APP: https://share.streamlit.io/liljack118/formal-photo-verification/app/app.py

API: https://formal-photo-verification-api.herokuapp.com/

## Data
To train network I used dataset of 3500 images in total.

Training set - 2800 images ( 1200 positive / 1600 negative)

Validation set - 350 images (150 positive / 200 negative)

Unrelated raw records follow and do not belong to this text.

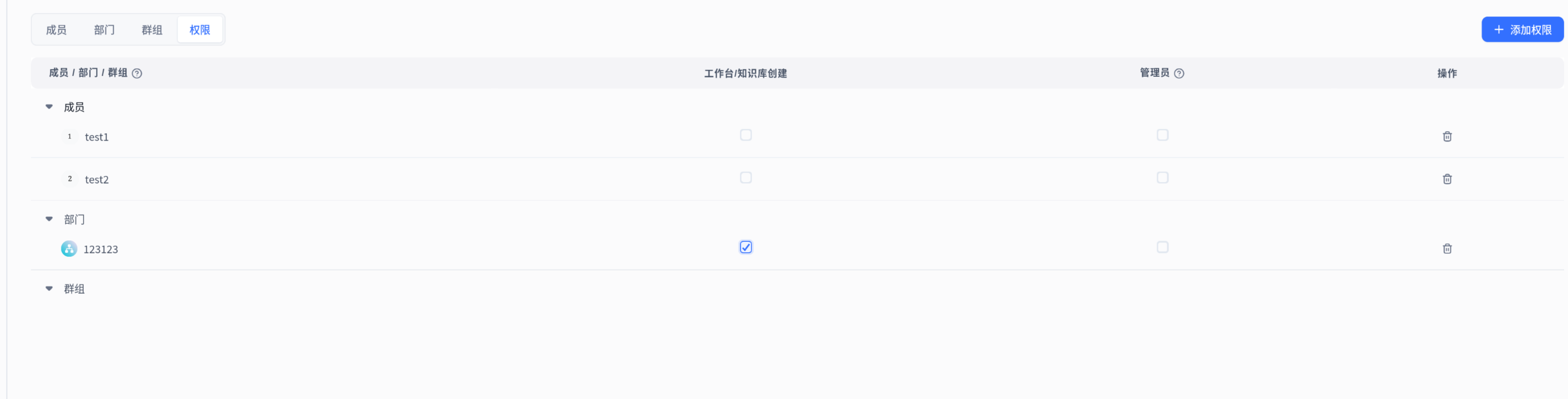 部门与群组权限:采用权限并集原则,优先级低于成员权限
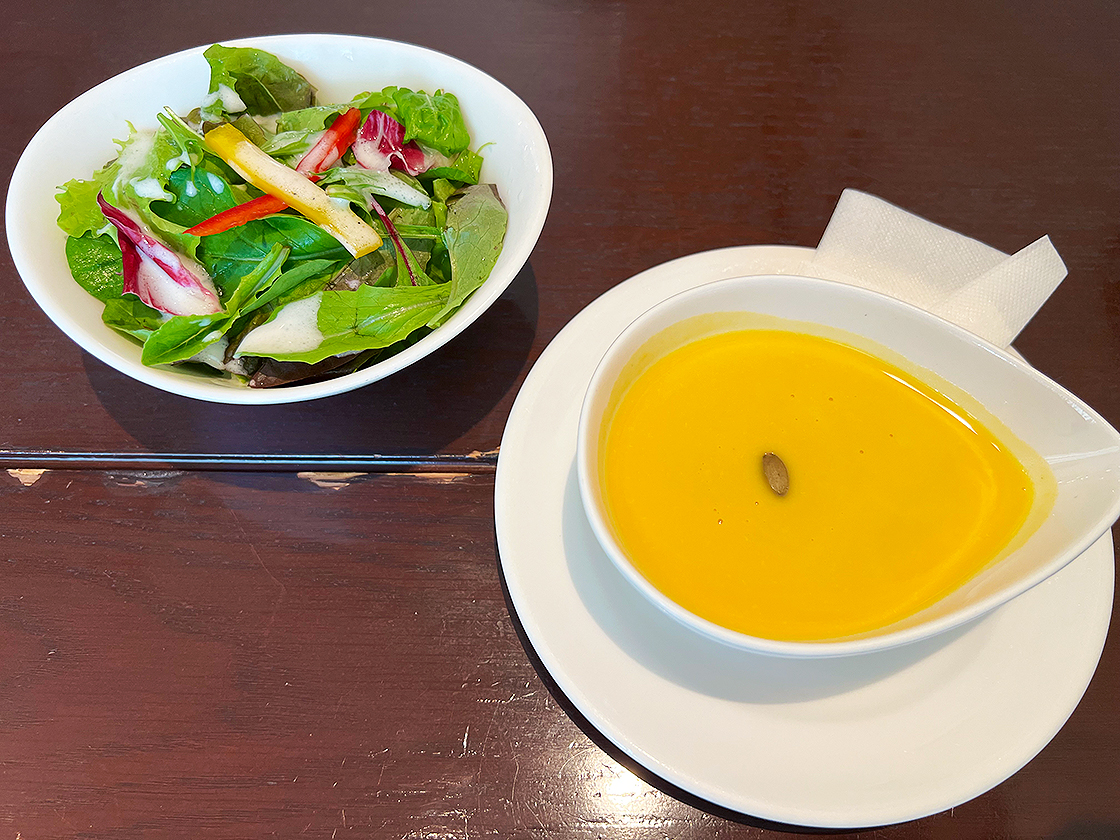 追加の「かぼちゃの冷製スープ」は、かぼちゃの自然な甘みとやさしい香りがふわっと広がり、なめらかな口あたりがやみつきになります♪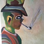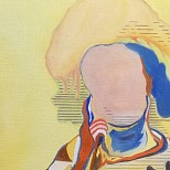 Olieverf schilderij rood zwart blauw zijn hoofd kleuren gepassioneerd van schilderen van mensen op plaatsen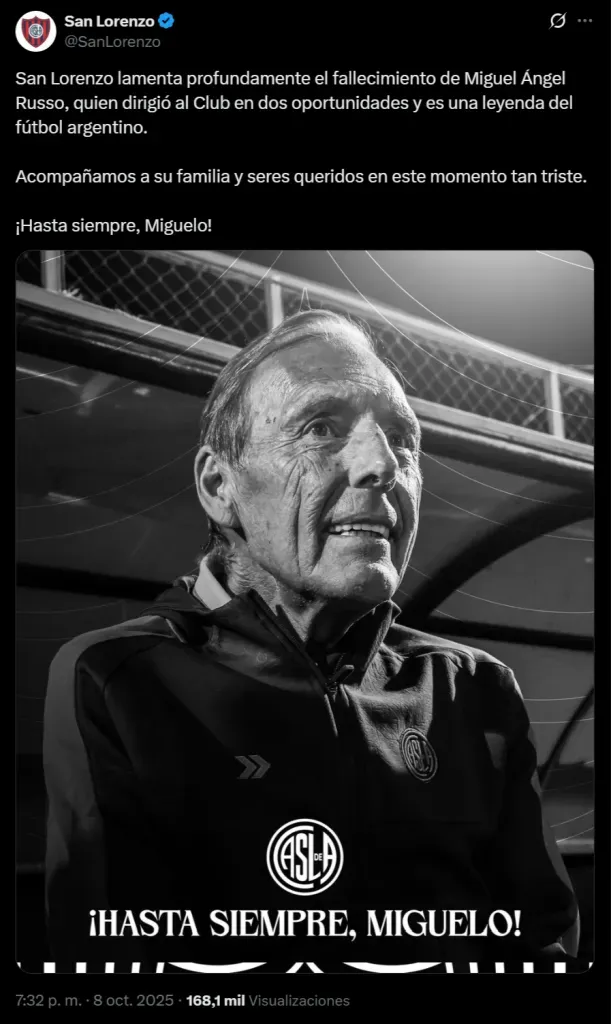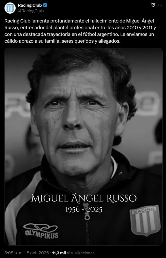 A su vez, el fútbol argentino también despidió a Russo y muchísimos equipos dejaron sus mensajes tras conocer la noticia. Uno de ellos fue River, quien en sus redes aprovechó para emitir un comunicado oficial lamentando la partida del DT Xeneize.

Test set - 350 images (150 positive / 200 negative)

Invalid images contains:
- rotated head
- frontal head photos with sunglasses/hats/headset/unnatural mimic
- frontal head photos on wrong background
- animated frontal head photos
- empty rooms photos
- person with body

Invalid images from every subfolder were distributed equally to training,validation and test set to make sure that images in every set came from same distribution.

![](model/images/1.jpg)

![](model/images/2.jpg)

## Model
To make predictions I used ResNet50 network with imagenet weights. Firstly i extracted features (that will be feeded to fully connected layers) of headless model and then visualize them with t-sne to see if they are well seperated. Input size is (224,224,3).

![](model/images/3.jpg)
![](model/images/4.png)

As we can see ResNet50 with imagenet weights makes good job to separate valid and invalid images. Now let's add fully connected layers to make predictions! I chose to add two instead of one because it performs slightly better.

![](model/images/5.jpg)

Model performance on test set:

![](model/images/6.jpg)

## APP
To create app i used streamlit library and deployed it on https://share.streamlit.io/.

## API
Api was created with fastapi and deployed on heroku.